A smattering of bemused tourists peered at the troops at the Ratchaprasong junction, a major shopping district which includes high-end hotels.
It is also a highly symbolic site after a military crackdown on a "Red Shirt" protest in 2010 left scores dead there. Monday was the fourth anniversary of the crackdown.
A man on a motorcycle sped by shouting "Su, Su!" (Fight,Fight!), a Thai phrase of encouragement, in a sign that some welcome the military intervention.
The army has staged 18 coups or attempted coups since 1932 and is seen by some as a stabilising force within the kingdom's febrile politics.
Small groups of armed soldiers were stationed along main roads throughout the capital. But for most of the city it was business as usual.
While the presence of armed soldiers on the streets raises the stakes for a caretaker government whose authority appears fatally undermined, it did not appear to ruffle many Thais.
Teenager Pongtawat Lanlerdphonboon told AFP that martial law was an "issue for adults". "My parents told me to go about my life as normal," said the 17-year-old.
Several others who spoke to AFP were unaware of the decree by Tuesday afternoon even though it gives authorities sweeping powers -- including the right to disperse protest groups, search and detain people, censor the media and enforce a curfew.
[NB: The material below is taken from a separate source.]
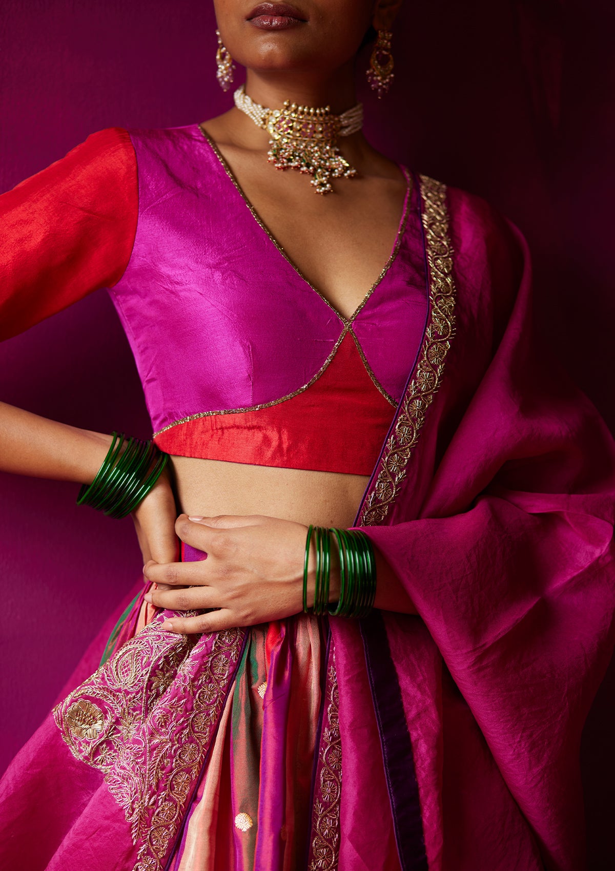 The Rani Chiran Odhni in breezy silk organza is delicately hand embroidered with dabka and zardozi work all along the border. The four corners are highlighted with hand embroidery floral vines. The festive dupatta pairs well with our kurtas and lehengas alike.
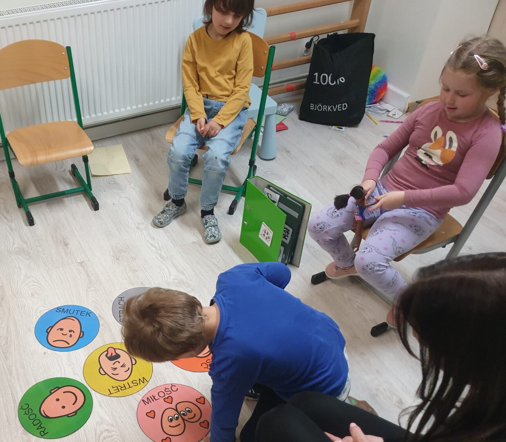 Zajęcia rozwijające umiejętności społeczne prowadzimy w małych grupach. Podczas zajęć ćwiczymy szereg różnych umiejętności potrzebnych do prawidłowego rozwoju relacji i kontaktów społecznych. Poznajemy siebie, nasze preferencje i uczymy się reguł obowiązujących w grupie rówieśniczej. Zajęcia pomagają w nabywaniu umiejętności rozpoznawania, nazywania i wyrażania emocji, pomagają budować pozytywny obraz siebie i zwiększają poczucie własnej wartości, uczą współpracy w grupie i pomagają rozwijać umiejętność radzenia sobie z trudnymi emocjami. Poprzez różnego rodzaju zabawy, gry, zadania rozwijamy sferę emocjonalno-społeczną, co jest niezwykle ważne dla naszych podopiecznych.

Bangkok has for several weeks seen unarmed troops stationed in dozens of sandbagged bunkers across the capital. Demonstrators at different times have occupied major traffic junctions, a central park and the government headquarters in a noisy, colourful carnival of protest which has become a fixture in the city.
Their rallies have also been targeted by gun and grenade attacks which have left 28 dead and hundreds wounded.
Bangkok has seen several rounds of sometimes bloody protests since a bloodless military coup deposed then-Prime Minister Thaksin Shinawatra in 2006.
His Red Shirt supporters, who have massed for a rally for several days in a Bangkok suburb, reported on Tuesday that soldiers had encircled them.
But there were no immediate reports of tension, although Red Shirt guards thoroughly searched vehicles entering the area.
Instead the day was punctuated by television announcements on all channels by the newly-formed Peace and Order Maintaining Command, with army chief General Prayut Chan-O-Cha as its head.
Several satellite channels were ordered to stop broadcasting -- especially the round-the-clock media outlets representing both sides of Thailand's divide.
But with the army denying that its martial law declaration was tantamount to a coup, it was unclear what the hours and days ahead would hold.
"I am not worried but let's wait and see," said Win, a manager for an IT company. "Now there is deadlock. I'm OK with martial law, it is a way to control the two sides. In a few days, the situation will be clearer," he said.